今回は外来でよく質問される高血圧に関する疑問に少しお答えしたいと思います。

 血圧の薬は一生飲まないといけないのですか? 
  • 原則として継続した服用が必要です。
  • 塩分制限や運動療法などを守っていただいた方の15?40%は減量あるいは中止が可能です。
  • ただし、血圧が正常化していても勝手に薬を中止するのは危険です。相談してください。
  • 家庭血圧の正常値は125/80mmHg未満と多くの患者さんが思っているよりかなり低いのが現状です。
  • 外来血圧で115/75mmHgまでは低いほどよいことが報告されています。
  血圧の薬を朝に飲むのを忘れてしまいました。どうしらたよいのでしょうか?  
  • 午前中に気づいた場合は、昼食後に服用してください。
  • 午後になって気づいた場合は、夕食前に血圧を測定し、高めで不安であれば朝の血圧の薬を夕食後に服用してください。
  • 寝るときに気づいた場合は、そのまま寝てください。不安であれば安定剤や眠剤を服用するようにしましょう。
  血圧の薬を飲んでいるとグレープフルーツジュースを飲んではいけない
 と聞きましたが、本当ですか?
  • 血圧の薬の中でカルシウム拮抗剤といわれる薬の一部とグレープフルーツジュースを併用すると血圧の薬が効きすぎる危険があります。
  • グレープフルーツジュースを飲んでから2?4日間影響されます。
  • 血圧の薬を飲んでいる方は原則としてグレープフルーツジュースは避けましょう。
  • 文献上はグレープフルーツの果実と薬の副作用は現在のところ報告されていないとのことです。
  • 相互作用の原因物質の可能性があるフラノクマリン誘導体は主にグレープフルーツの白い皮に含まれているとのことです。 そのため、実の部分のみを食べるのであればあまり問題はないのではないかと言われています。( 市販のグレープフルーツジュースは白い皮を取り除かないで作られています。)

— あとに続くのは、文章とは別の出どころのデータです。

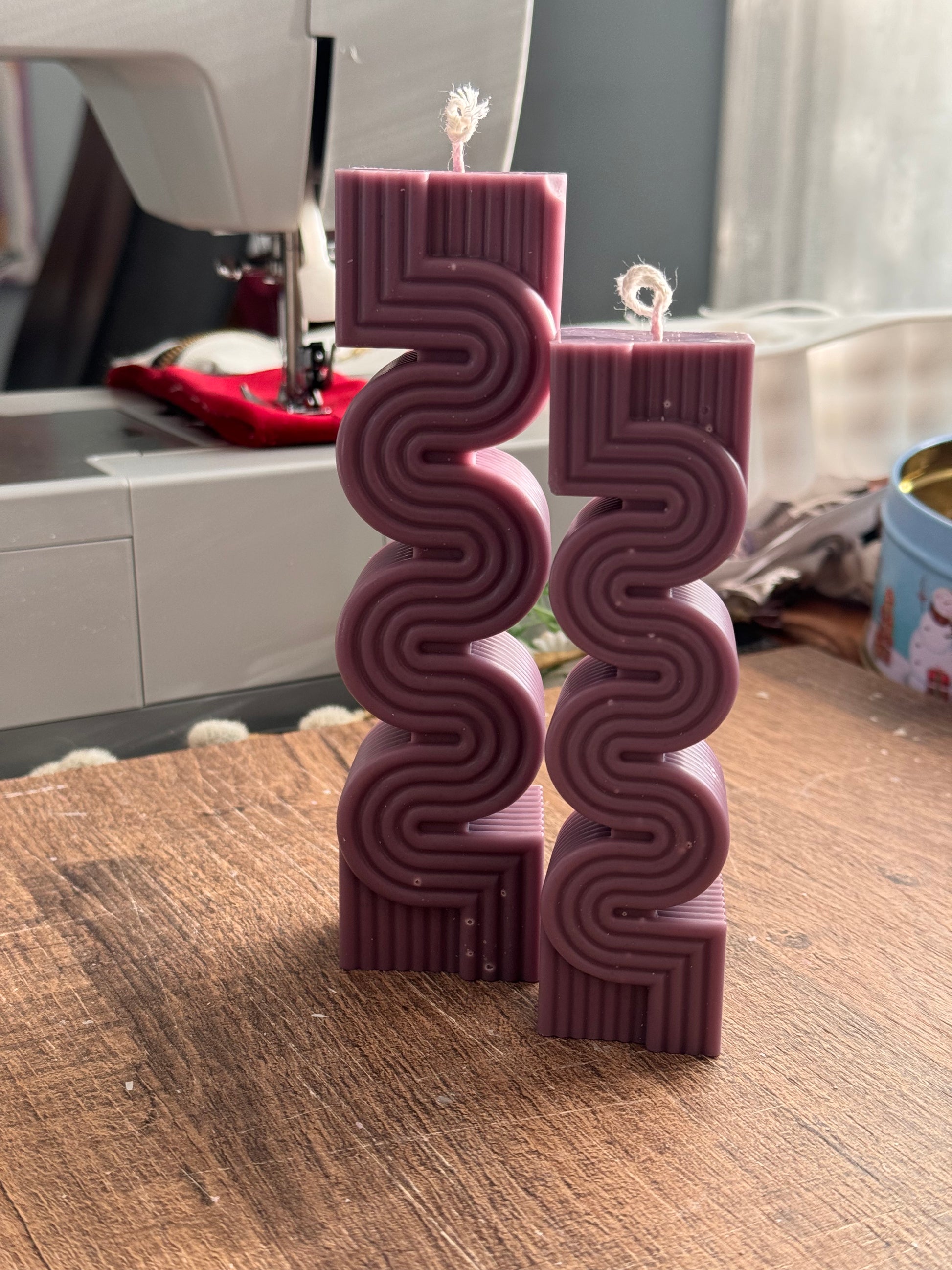 Labyrinth Ribbed Handmade Pillar Soy Candle ( Unscented )

  血圧の薬を飲んでいます。市販の風邪薬を飲んでよいのでしょうか?
  • 平成12年にアメリカの食品医薬品庁は感冒用や食欲抑制剤として使用されていた塩酸フェニールプロパノールアミン(PPA)が脳出血の危険を増大させるとしてPPA含有医薬品の販売中止を決めています。
  • その後、日本では高血圧、心臓病、甲状腺機能障害の診断を受けた人は服用しないこと。脳出血を起こしたことのある人は服用しないこと。が当時の厚生省から発表されています。
  • 風邪薬を購入時は薬剤師の方と相談するか、塩酸フェニールプロパノールアミンの含まれていないものを購入しましょう。
  •  
  血圧を下げると宣伝されている健康食品(特定保健用食品)は本当に効くのですか?
  • 杜仲茶ペプチドスープ(かつお節オリゴペプチド)、カルピスアミール(ラクトトリペプチド)投与により、数週間に収縮期で4~5mmHg、拡張期で2~3mmHg低下したという報告があります。
  • カルピスアミールには軽度のACE(血圧を上げる物質を作る酵素)の阻害作用があります。ただし、ACE阻害剤という血圧の薬を飲んだときと同様に咳嗽の頻度が増加すると報告されています。
  • プレティオ(GABA)はアドレナリンの分泌を抑え血圧低下させると報告されています。